One member of the staff was a smart, stylish woman who knew a lot about presence on-camera. She’d worked in television before deciding to help others with what she’d learned. She took a shine to me pretty quickly, realizing I had an imperfect but promising skill for speaking. “You’re really likable,” she said. “That’s important. But we’ve got to do something about your appearance.”

She vowed to take me shopping to look at clothes. “You don’t have to buy anything,” she would say. “I just want you to start getting comfortable with styles.” She wanted me to wear things fitted, in bright colors, and always keep a jacket in the office. I got that resistance was a waste of time, so I began to step up my game for her, the movement really.

Less comfortable was her instruction to wear makeup; bring a brush, blow-dryer and hair goo to the office; and tweeze my eyebrows (my eyebrows?). She desperately wanted me to get a haircut. It was bigger than that. She wanted to give me a makeover. She spoke of it for months, warming me to the idea slowly, at least enough so that I would agree we could do it “sometime” the way you say you’ll call someone you don’t like but can stand, if the occasion calls for it.

I wish it were not true that living in a post-makeover body changes my day-to-day. Doors are opened more often, and people treat me like a small child during rush-hour duck, duck gray duck on the subway. Mainly the issue is men. I get asked out a hell of a lot more than I used to. Friends with girlfriends flirt and inquire about my sexual availability behind my back. I used to be a bawdy liberal feminist for men to challenge and now, it seems, I’m more often the subject of romantic speculation. I am aware this is unlikely to quench any of the poignant loneliness I feel some nights; I have learned it’s lonelier still to be saying something cool and interrupted by a lover with: “Sweetie, shouldn’t you start wearing makeup?” In any event I did not take on a public feminist role intending to grapple with these issues.

More haunting is the feeling that I’ve sold out myself, and embraced the very toxicity that led me into this fight so more people will listen to me.
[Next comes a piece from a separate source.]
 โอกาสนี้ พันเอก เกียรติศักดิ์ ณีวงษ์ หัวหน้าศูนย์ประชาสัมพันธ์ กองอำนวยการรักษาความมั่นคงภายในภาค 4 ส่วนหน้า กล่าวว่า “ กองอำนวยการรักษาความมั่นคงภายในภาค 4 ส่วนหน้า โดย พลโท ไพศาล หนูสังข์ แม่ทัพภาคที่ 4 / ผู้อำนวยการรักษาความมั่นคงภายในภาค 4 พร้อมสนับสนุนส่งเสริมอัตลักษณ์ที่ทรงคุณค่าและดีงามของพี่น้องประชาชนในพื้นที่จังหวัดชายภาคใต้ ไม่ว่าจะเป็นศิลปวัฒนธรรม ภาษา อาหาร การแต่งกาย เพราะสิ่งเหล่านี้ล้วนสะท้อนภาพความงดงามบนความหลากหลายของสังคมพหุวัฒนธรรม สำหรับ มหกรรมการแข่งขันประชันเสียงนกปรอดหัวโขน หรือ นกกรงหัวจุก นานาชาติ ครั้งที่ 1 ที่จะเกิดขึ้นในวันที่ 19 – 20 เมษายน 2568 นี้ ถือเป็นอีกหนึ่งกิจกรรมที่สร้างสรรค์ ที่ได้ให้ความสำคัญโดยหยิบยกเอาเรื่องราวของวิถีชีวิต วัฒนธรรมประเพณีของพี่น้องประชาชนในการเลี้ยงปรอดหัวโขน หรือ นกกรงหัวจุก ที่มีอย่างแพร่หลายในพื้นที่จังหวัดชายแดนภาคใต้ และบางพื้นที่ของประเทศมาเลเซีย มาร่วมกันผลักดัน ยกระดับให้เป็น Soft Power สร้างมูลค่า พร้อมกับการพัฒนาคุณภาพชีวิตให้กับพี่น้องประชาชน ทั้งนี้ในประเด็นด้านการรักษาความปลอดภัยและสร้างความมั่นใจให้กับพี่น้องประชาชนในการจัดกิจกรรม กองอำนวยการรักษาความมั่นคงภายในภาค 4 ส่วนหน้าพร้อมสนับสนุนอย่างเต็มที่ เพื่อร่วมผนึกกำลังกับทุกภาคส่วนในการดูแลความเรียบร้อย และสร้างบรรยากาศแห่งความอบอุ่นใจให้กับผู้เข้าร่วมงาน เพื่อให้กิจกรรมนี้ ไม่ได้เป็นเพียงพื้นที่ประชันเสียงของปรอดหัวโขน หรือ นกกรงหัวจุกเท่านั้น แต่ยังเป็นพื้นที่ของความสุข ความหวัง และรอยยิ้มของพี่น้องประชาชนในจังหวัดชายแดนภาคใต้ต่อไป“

If that works, maybe it’s worth it. I have already silenced my personal freedom of speech, pulling down my essays, poems and short stories from the web, so that my thoughts aren’t held as definitive commentary or doctrine of my organization today. A close friend remarked about a year ago that I had changed: “You don’t say what you’re thinking anymore.”
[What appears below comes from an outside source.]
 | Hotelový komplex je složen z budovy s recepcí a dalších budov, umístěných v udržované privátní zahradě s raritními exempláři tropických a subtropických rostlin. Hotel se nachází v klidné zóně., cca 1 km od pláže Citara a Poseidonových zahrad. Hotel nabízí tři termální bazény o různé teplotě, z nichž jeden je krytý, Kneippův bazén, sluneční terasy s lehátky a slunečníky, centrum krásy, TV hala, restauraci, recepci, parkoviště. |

I understand that my job is not to be a perfect expression of myself, and that, for the moment, my name doesn’t belong to me but the women I want to help. To give up my body is another matter entirely. It is so very strange to take on a burden so that others might not, to be taken as generally more shallow, to no longer hide behind words and arguments in plain sight. Today a friend took me for my first pedicure, and I was struck by how every woman in the place seemed to be grieving.

If I were not me, I might criticize me harshly.

Post-script from 2013: Knowing what I know now, I don’t think I would criticize me so harshly. Looking professional removes barriers to some of the amazing things a person is able to do, which for me includes saying to large groups and people who make decisions that sexism is not acceptable. These days I am no longer speaking for anyone but myself, and I choose to wear makeup and do my hair more often than I used to before this makeover took place. And, I believe this choice has nothing to do with my self-worth. Further, I believe that beauty is loving action and that whether, and in what color, you wear lipstick is one of the less interesting things I could know about you.